The decision of Bank of Canada governor Stephen Poloz to hold interest rates steady in September was no big surprise.
The markets and economists had been expecting that freeze due to inconclusive economic data and the ongoing NAFTA talks.
But what do two leading economists make of the decision and how do they see things progressing for interest rates?
“It was wise of the Bank of Canada to hold its powder dry at today’s policy meeting given the continued uncertainty on the NAFTA front,” commented Dr Sherry Cooper, chief economist for Dominion Lending Centres. “An agreement on NAFTA would provide the central bank with more comfort in moving ahead with a hiking cycle that has already lifted the benchmark overnight rate four times since mid-2017.”
She notes that the BoC acknowledged that a spike in inflation (to 3%) was largely driven by air fare hikes and the CPI is expected to return to near 2% early in 2019.
However, TD Economics senior economist Brian DePratto says that a rate hike could still have been justified by the rise in inflation despite its temporary nature, but he agrees that NAFTA is the key issue that prompted the hold-steady.

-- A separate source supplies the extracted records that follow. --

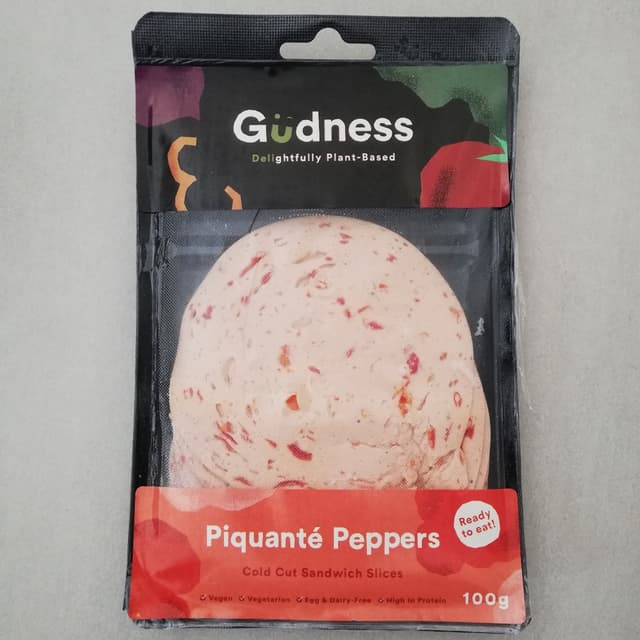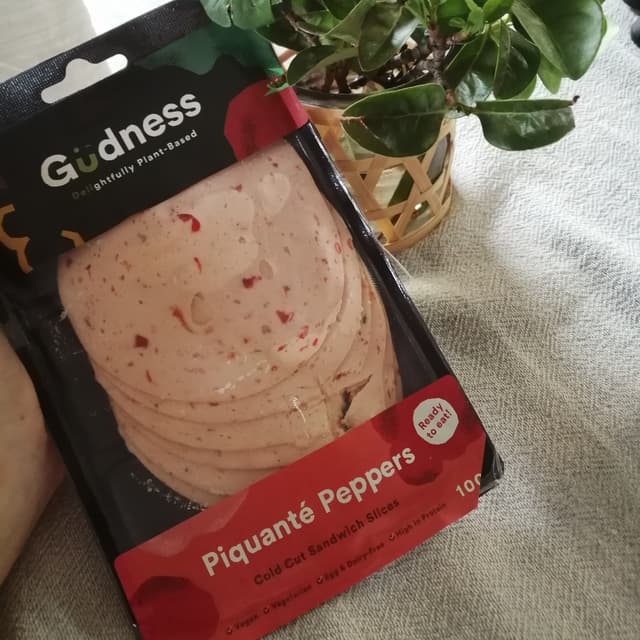 • Is Gudness Picante Peppers Cold Cut Sandwich Slices vegan? Yes! Gudness Picante Peppers Cold Cut Sandwich Slices is certified vegan by the abillion communityVEGAN
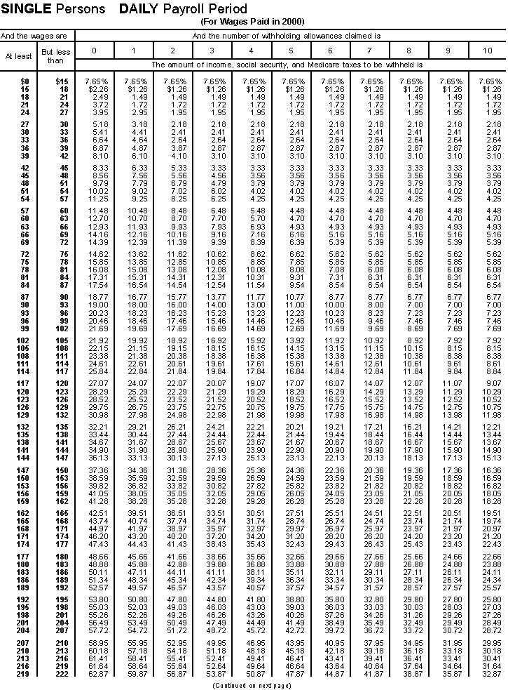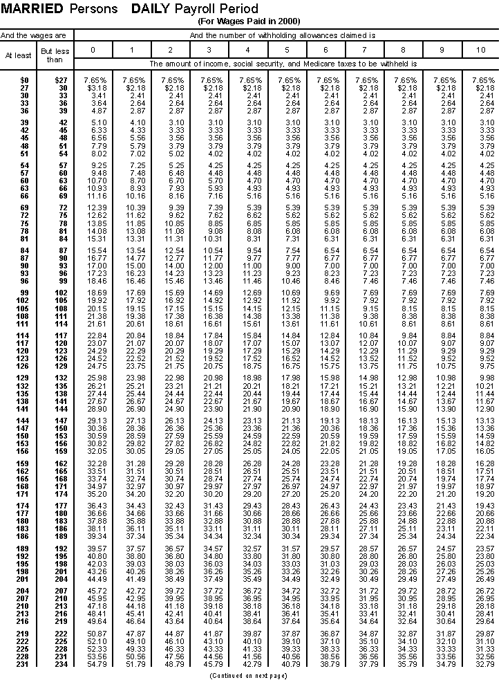 - Married Persons - Daily or Misc., Paid Wages $0 - $234
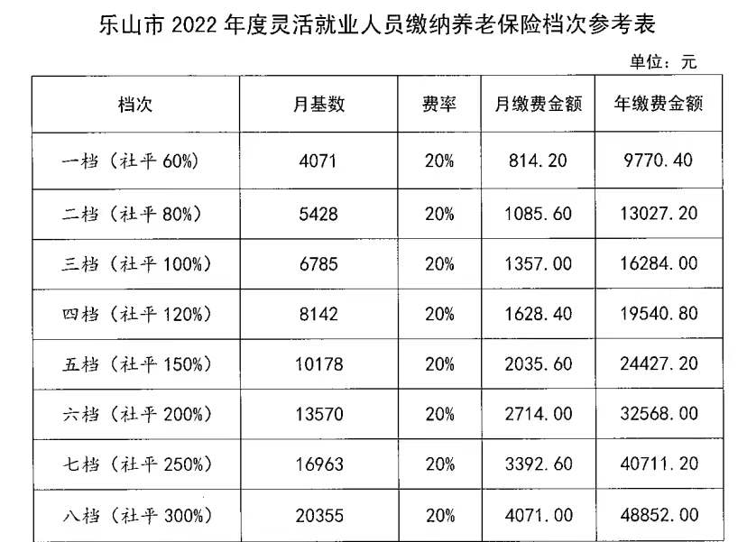 2021年全省城镇全部单位就业人员平均工资(以下简称“全口径工资”)为81420元。2022年度,全省职工基本养老保险缴费基数上限为上年全口径工资的300%,即20355元/月;下限为上年全口径工资的60%,即4071元/月。乐山市灵活就业人员可在上下限范围内八个档次中自主选择缴费。
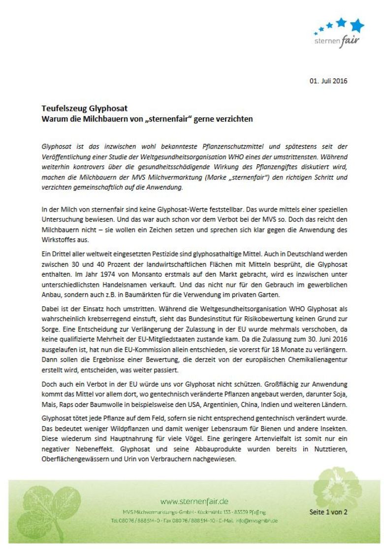 Glyphosat ist das inzwischen wohl bekannteste Pflanzenschutzmittel und spätestens seit der Veröffentlichung einer Studie der Weltgesundheitsorganisation WHO eines der umstrittensten. Während weiterhin kontrovers über die gesundheitsschädigende Wirkung des Pflanzengiftes diskutiert wird, machen die Milchbauern der MVS Milchvermarktung (Marke „sternenfair") den richtigen Schritt und verzichten gemeinschaftlich auf die Anwendung.
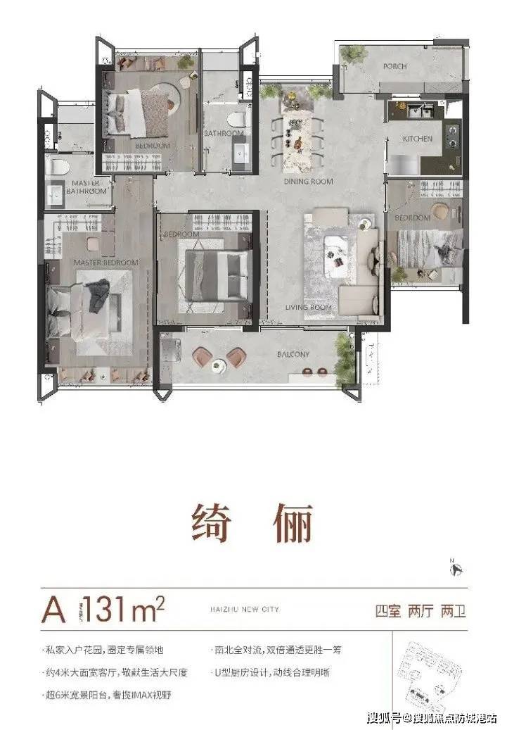 131㎡户型:包括A和B两种设计,A户型南北对流,主阳台朝南,三卧室朝南,具有较高的舒适度;B户型主阳台朝北,卧室朝南,能够享受更好的景观。
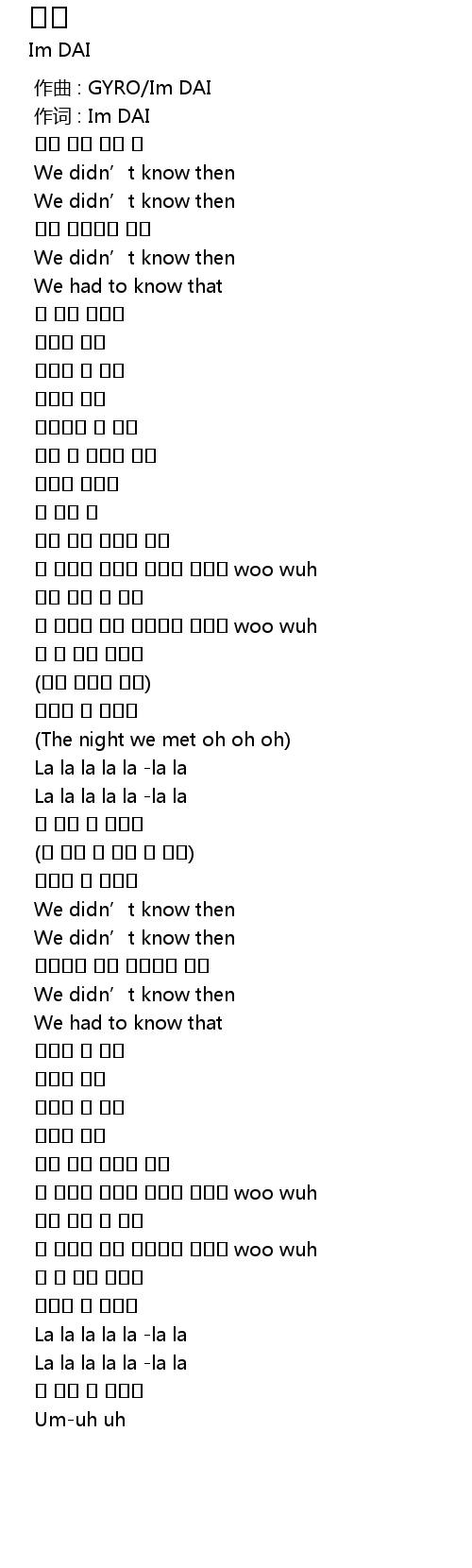 | [00:01.000] | 作词 : Im DAI |
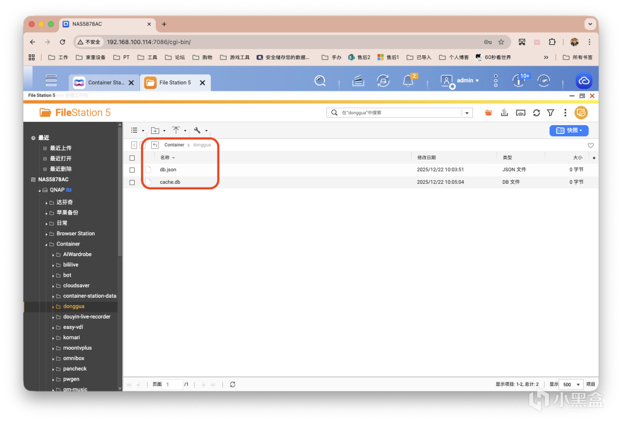 接着打开NAS,准备好部署文件目录。威联通的Docker路径一般为/share/Container/donggua,大家可以自行更改。然后创建两个文件放在该目录下。分别为db.json和cache.db,如下图。
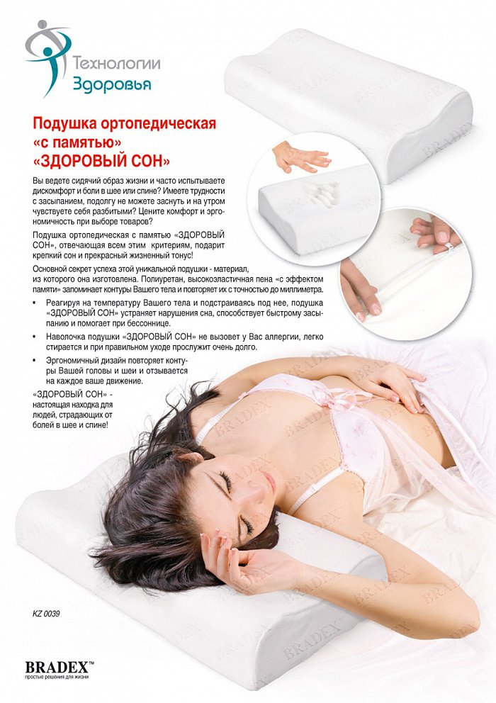- Реагируя на температуру Вашего тела и подстраиваясь под нее, подушка «ЗДОРОВЫЙ СОН» способствует быстрому засыпанию и обеспечивает комфортное положение вашей шее и голове.
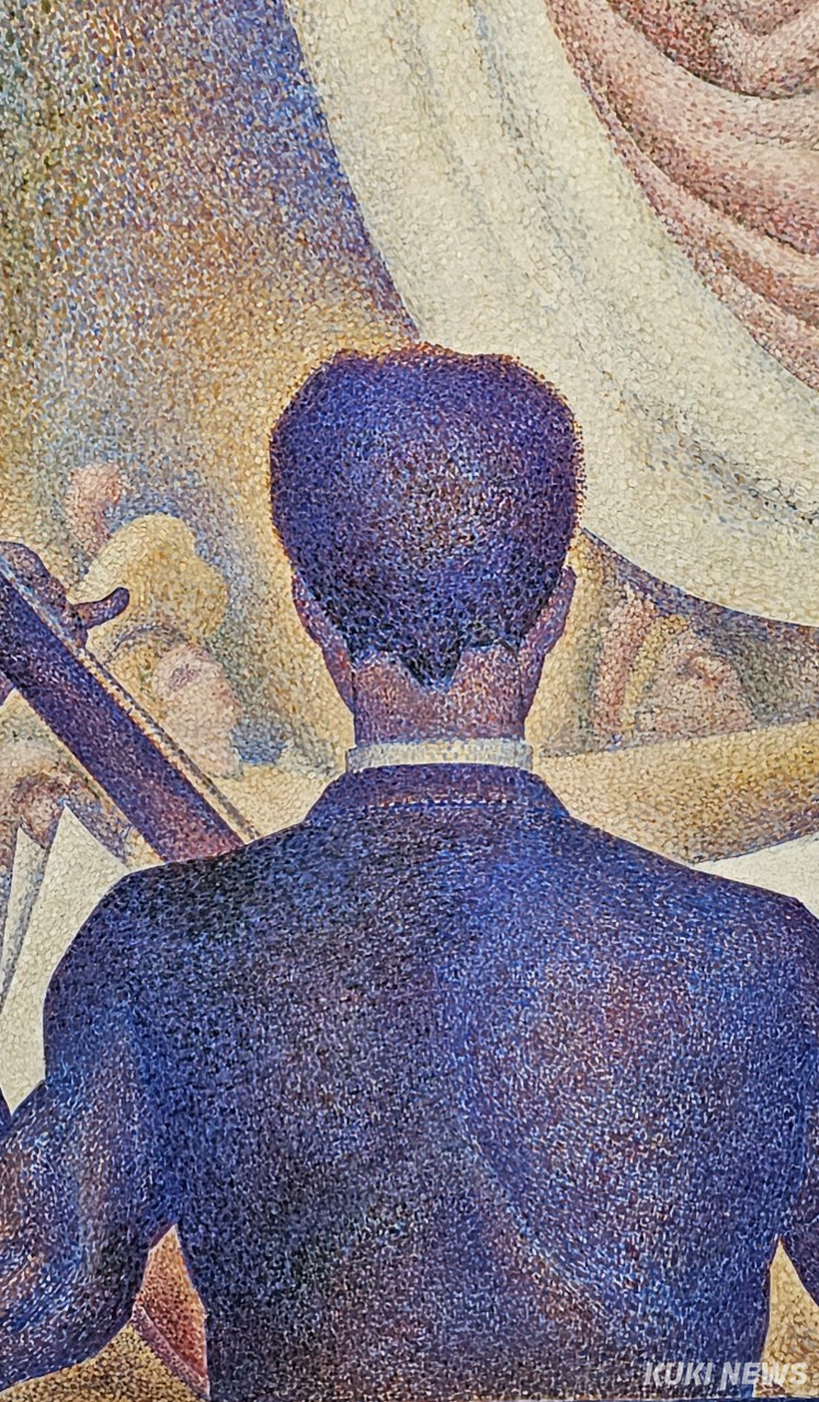 이러한 구성은 우연이 아니다. 쇠라는 철저한 계산과 점묘법을 통해 시선의 흐름을 유도하고, 공간의 질서를 구축했다. 무대 위의 빛과 색은 춤추듯 퍼지고, 관객의 시선은 그 흐름 속에서 방향을 잃는다. 예술은 단지 보여지는 것이 아니라, 바라보는 방식에 따라 의미가 달라진다는 것을 이 작품은 말해준다.

“Barring a major shock, an October hike looks like a pretty safe bet, but after that the picture becomes murky. The Bank has been marking down its growth outlook to account for trade uncertainty – any resolution on the NAFTA front is thus likely to mean a stronger outlook, and by extension, a faster pace of hikes, all else equal,” DePratto said.
Dr Cooper is in agreement, although sounds a less certain tone on an October hike: “The bank reaffirmed that the economy is doing well enough to require higher interest rates in the future to achieve the inflation target. Another rate hike could come as soon as the next policy meeting on October 24th.”